----- RECORDS TO USE
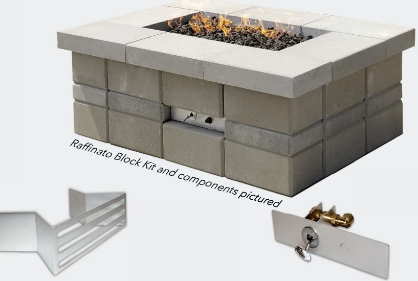
Vents are sized perfectly to replace a block and support the block above.
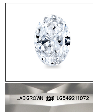
LASERSCRIBE SM Sample Image Used

October 18, 2022 IGI Report Number LG549211072 Description LABORATORY GROWN DIAMOND Shape and Cutting Style OVAL BRILLIANT Measurements 13.79 X 9.75 X 6.16 MM GRADING RESULTS Carat Weight 5.13 CARATS Color Grade H Clarity Grade VS 1 Cut Grade VERY GOOD
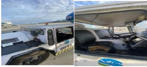
Figure 3 Rusty Aircraft Towing Tractor at the Parking Stand

disrupt operations and add operational burdens. To prevent further risks and ensure safety, it is crucial to promptly replace the unserviceable tires and conduct a thorough assessment of other GSE conditions.
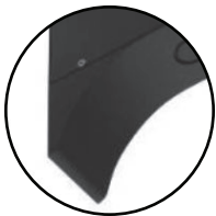
AXL-A-BR Die-cast Arm
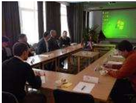
Round table discussions 13.12.2012.
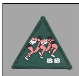
BB 1004 Cross-Country h 65mm x w 55mm 1968 - 1994
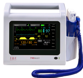
FILAC 3000 Predictive Temperature
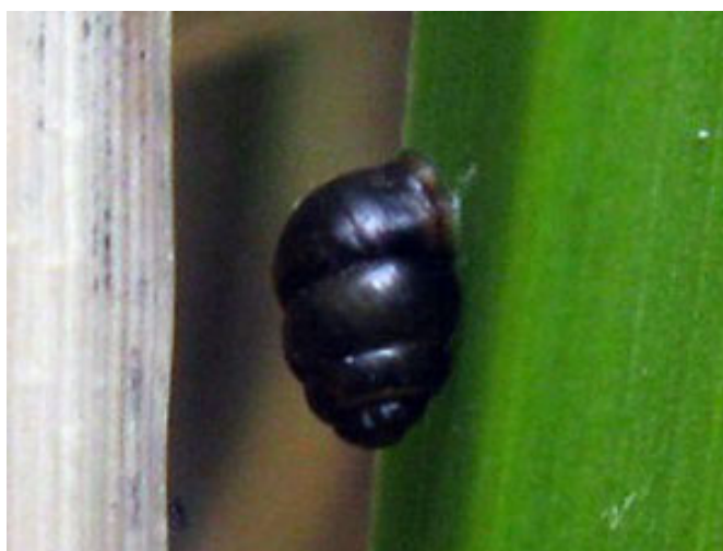
Fig. 3. Alive Vertigo moulinsiana on the grass in the vicinities of Velyka Glusha (plot 10).

The 33 specimens of V. moulinsiana (fig. 2) were collected in the two distant plots (at 5.5 km from each other) in fens, mainly alive from the vegetation, most frequently from the leaves of Carex spp. (fig. 3). Width of shell in collected specimens is 1.4–1.6 mm, height — 2.4–2.7 mm. Shell is ovate, dark brown or reddish, of 4.5–5 whorls. Aperture with broadly reflected margins, palatal incision, clear callus and 5–7 teeth: 1 parietal, 1 columellar, 1 basal, 2 palatal and often also additional small parietal and/or palatal. This is clearly corresponding to the descriptions of V. moulinsiana and within the known variability of this species (Pokryszko, 1990; Balashov, 2016 b).
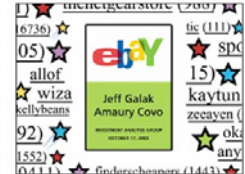
eBay Inc. (EBAY)
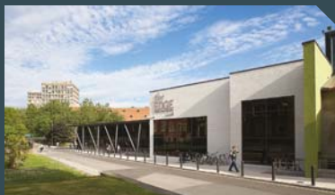
The Edge, University of Leeds

S&P works with you to deliver inspirational environments by solving your procurement demands and establishing new models of service consolidation and partnership working
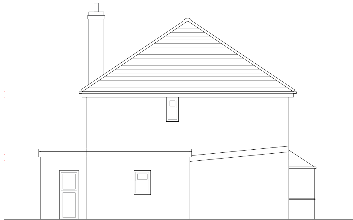
EXISTING: Side Elevation
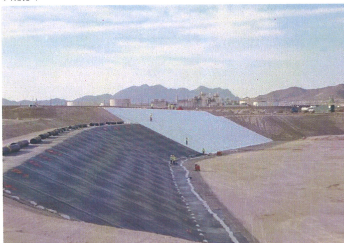
CAMU, Phase 1, East slope liner installation.
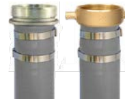
NPSH M x F
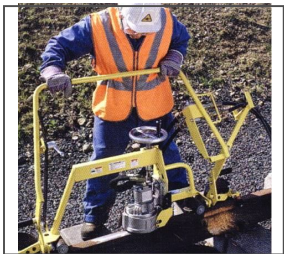
02100 Profile Grinder
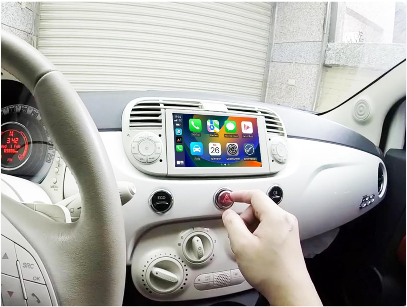
Figure 3.1: The TAFFIO TF-500W head unit seamlessly installed within the dashboard of a Fiat 500, demonstrating its integrated appearance.
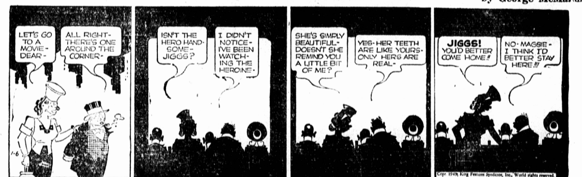
by George McManus
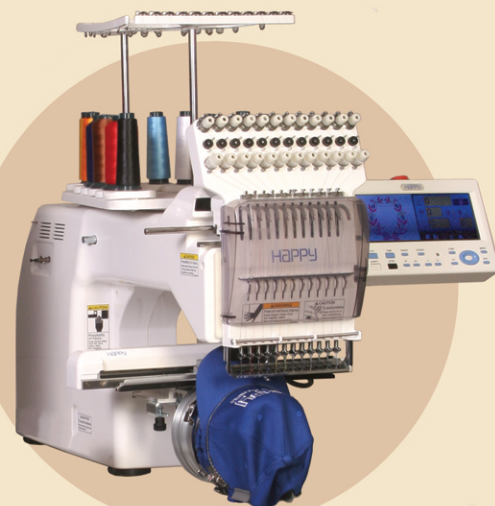
sew on finished caps with optional kit

Features 12 needles • 12"x12" sewing field • 1,000spm operation • included HAPPYLINK connection & design setup software • Included HAPPYLAN network software • Auto trimmer, color change, thread break detection & mending mode • jump to any position by color change or stitch • onboard design edit & cleanup functions • fully adjustable machine settings • Durable construction with tough inner steel/iron casting • built-in bobbin winder • reads compact flash, smart media & other flash memory cards
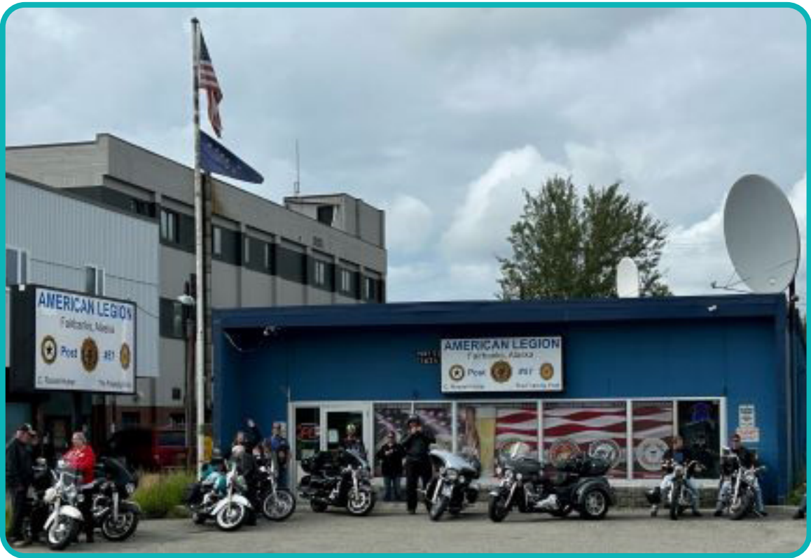
CR Huber Post 57
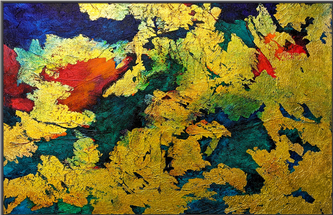
Kimono | Original Acrylic and Gilding on Canvas | 105 x 68 cm | £2,395
----------
BRIEF: Copy out exactly the lines between the line containing "Fig. 3. Alive" and the end of the entries, including both, and leave the pictures behind.

RESULT BELOW:
Fig. 3. Alive Vertigo moulinsiana on the grass in the vicinities of Velyka Glusha (plot 10).

The 33 specimens of V. moulinsiana (fig. 2) were collected in the two distant plots (at 5.5 km from each other) in fens, mainly alive from the vegetation, most frequently from the leaves of Carex spp. (fig. 3). Width of shell in collected specimens is 1.4–1.6 mm, height — 2.4–2.7 mm. Shell is ovate, dark brown or reddish, of 4.5–5 whorls. Aperture with broadly reflected margins, palatal incision, clear callus and 5–7 teeth: 1 parietal, 1 columellar, 1 basal, 2 palatal and often also additional small parietal and/or palatal. This is clearly corresponding to the descriptions of V. moulinsiana and within the known variability of this species (Pokryszko, 1990; Balashov, 2016 b).
eBay Inc. (EBAY)
The Edge, University of Leeds

S&P works with you to deliver inspirational environments by solving your procurement demands and establishing new models of service consolidation and partnership working
EXISTING: Side Elevation
CAMU, Phase 1, East slope liner installation.
NPSH M x F
02100 Profile Grinder
Figure 3.1: The TAFFIO TF-500W head unit seamlessly installed within the dashboard of a Fiat 500, demonstrating its integrated appearance.
by George McManus
sew on finished caps with optional kit

Features 12 needles • 12"x12" sewing field • 1,000spm operation • included HAPPYLINK connection & design setup software • Included HAPPYLAN network software • Auto trimmer, color change, thread break detection & mending mode • jump to any position by color change or stitch • onboard design edit & cleanup functions • fully adjustable machine settings • Durable construction with tough inner steel/iron casting • built-in bobbin winder • reads compact flash, smart media & other flash memory cards
CR Huber Post 57
Kimono | Original Acrylic and Gilding on Canvas | 105 x 68 cm | £2,395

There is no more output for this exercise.